陽に詳しい事情を聞き出そうとする前にそう言われてしまい、ちょっと迷いもした物の私も太と話したかったから頷きトレーニング室に向かった。
「太?」
「星歌、来てくれたのか?」
「うん。ピアスありとう。すごく気に入ったよ」
「おう。それなら良かったぜ」
一週間ぶりの太との会話。
声を弾ませピアスのお礼をすれば、太の声が軽く弾む。その反応がますます嬉しくて、ドアの前にある椅子に座る。
久しぶりだから緊張するかなと思ったけれど、相手が太だからそんなことは全然なかった。目の前の景色が輝きだす。
「ずいぶん強くなったんだね? 私ももっと頑張らないと、賭けに負けちゃうかも?」
確実に私の方が賭に負けてるけれど、あえて自分に言い聞かせるようそう言う。
「!! そんなことない。オレはまだまだ弱い。一度負けたぐらいで心が折れてしまう程弱いんだ」
「!? 何があったの?」
声援を送ったつもりで言ったはずが地雷を押してしまったようで、今まで聞いたことのない弱音を聞いてしまった。言葉通りにもがき苦しみ悩んでいる。
陽の様子がおかしかったのは、このことだったんだ。
この場合は私はなんて言えば良いのかな?
肯定する?
否定する?
落ち込んでいる太の力になりたいけれど、どっちも正解でもあり不正解かも知れない。
「……地球に陽を連れて戻りたいの?」
「陽はオレと違って役に立つから、戻るつもりはないと言っている」
「え、どう言うこと?」
「オレは最強級モンスターに手も足もでなかった。陽とリュウがいなければ、死んでたと思う」
「そんなの当たり前だよ。最強級モンスターなんて滅茶苦茶強いんでしょ?」
陽に助けられた? と言う疑問はあるけれど、それは今聞くことじゃないのでスルー。
「ああ、分かってた。だが負けてようやく気づいた。どんなに修行しても敵わない強敵がいるかも知れないって。怖い死にたくない。ここから逃げ出したい」
「…………」
思いの外闇は深い。やっぱり何を私が言っても、きれいごとにしかならない。
私はトゥーラン人で魔王の孫娘。
何があったとしても、パパと龍くんに護ってもらえる。
でも太は地球人で、トゥーランとは関係がない。巻き込まれただけなのに自分の身は自分で護らないといけない。

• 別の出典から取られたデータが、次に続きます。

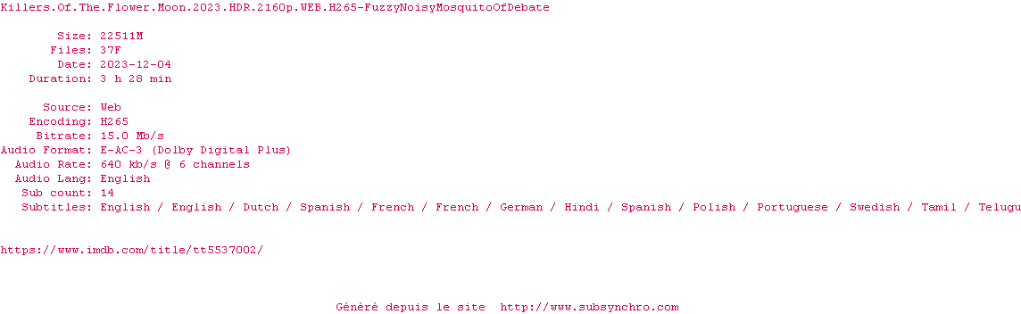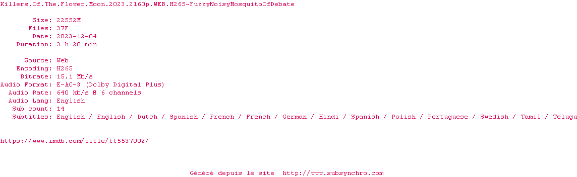 Voir le nfo de la release Killers.Of.The.Flower.Moon.2023.HDR.2160p.WEB.H265-FuzzyNoisyMosquitoOfDebate

本当も何も無関係な太からして見れば理不尽なんだろう。それなのに私は太だけでなく陽の優しさに甘えていた。
「太……ごめん」
考えた末に出た言葉は心からの謝罪。今の私に言えるのは、このぐらいしかない。
悲しくて胸が痛くて涙があふれこぼれ落ちる。
いつだって自信満々だった太のプライドを私が傷つけてしまった。
どうやって償えばいいんだろう?
「なんでそこでお前が謝るんだよ」
「だって私が原因だから。太陽を巻き込まなければ、太はここまでの挫折を味わなくてすんだ」
謝罪の意味が分かってない様子だったから、今度は誰にでも分かるよう言葉で伝える。
太って意外とこう言うのには鈍感らしく、言われて初めて意味を理解するってことが度々あるんだよね?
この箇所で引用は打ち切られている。